Department of Thoracic Oncology, National Cancer Center Hospital East, Kashiwa, Japan.
Department of Thoracic Oncology, National Cancer Center Hospital East, Kashiwa, Japan.
J Thorac Oncol. 2023 Nov;18(11):1538-1549. doi: 10.1016/j.jtho.2023.07.024. Epub 2023 Aug 4.

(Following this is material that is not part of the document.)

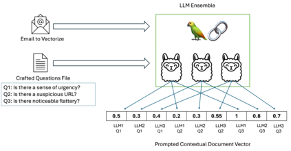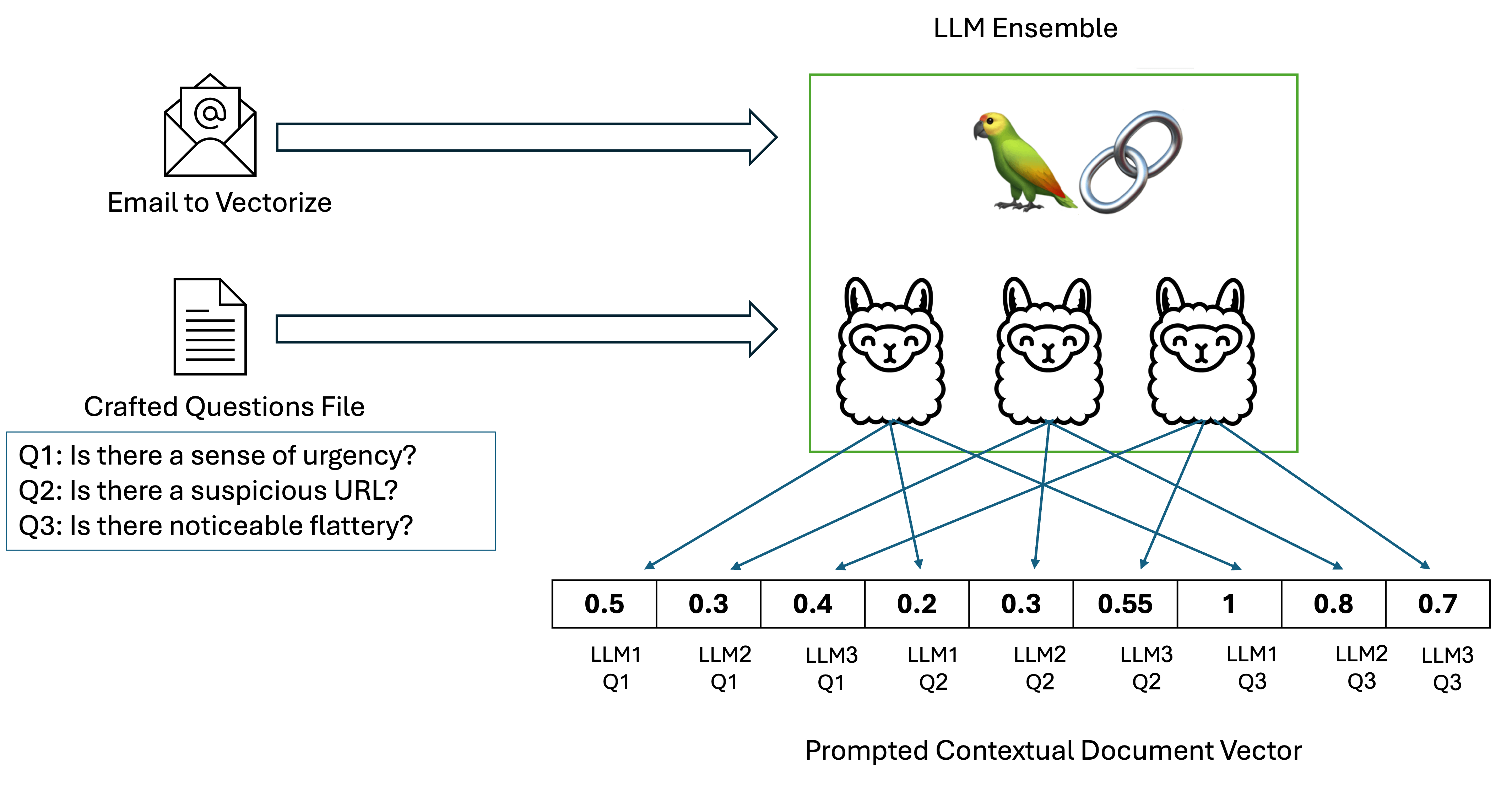 Spear-phishing attacks present a significant security challenge, with large language models (LLMs) escalating the threat by generating convincing emails and facilitating target reconnaissance. To address this, we propose a detection approach based on a novel document vectorization method that utilizes an ensemble of LLMs to create representation vectors. By prompting LLMs to reason and respond to human-crafted questions, we quantify the presence of common persuasion principles in the email's content, producing prompted contextual document vectors for a downstream supervised machine learning model. We evaluate our method using a unique dataset generated by a proprietary system that automates target reconnaissance and spear-phishing email creation. Our method achieves a 91% F1 score in identifying LLM-generated spear-phishing emails, with the training set comprising only traditional phishing and benign emails. Key contributions include an innovative document vectorization method utilizing LLM reasoning, a publicly available dataset of high-quality spear-phishing emails, and the demonstrated effectiveness of our method in detecting such emails. This methodology can be utilized for various document classification tasks, particularly in adversarial problem domains.

BRAF non-V600E mutations occur in 1% to 2% of NSCLCs. Because of their rarity, the clinical backgrounds and outcomes of cytotoxic chemotherapy or immunotherapy remain unclear, and no targeted therapies are approved for BRAF non-V600E-mutant NSCLC.
In this multi-institutional prospective lung cancer genomic screening project (LC-SCRUM-Asia), we evaluated the clinicogenomic characteristics and therapeutic outcomes of BRAF non-V600E-mutant NSCLC.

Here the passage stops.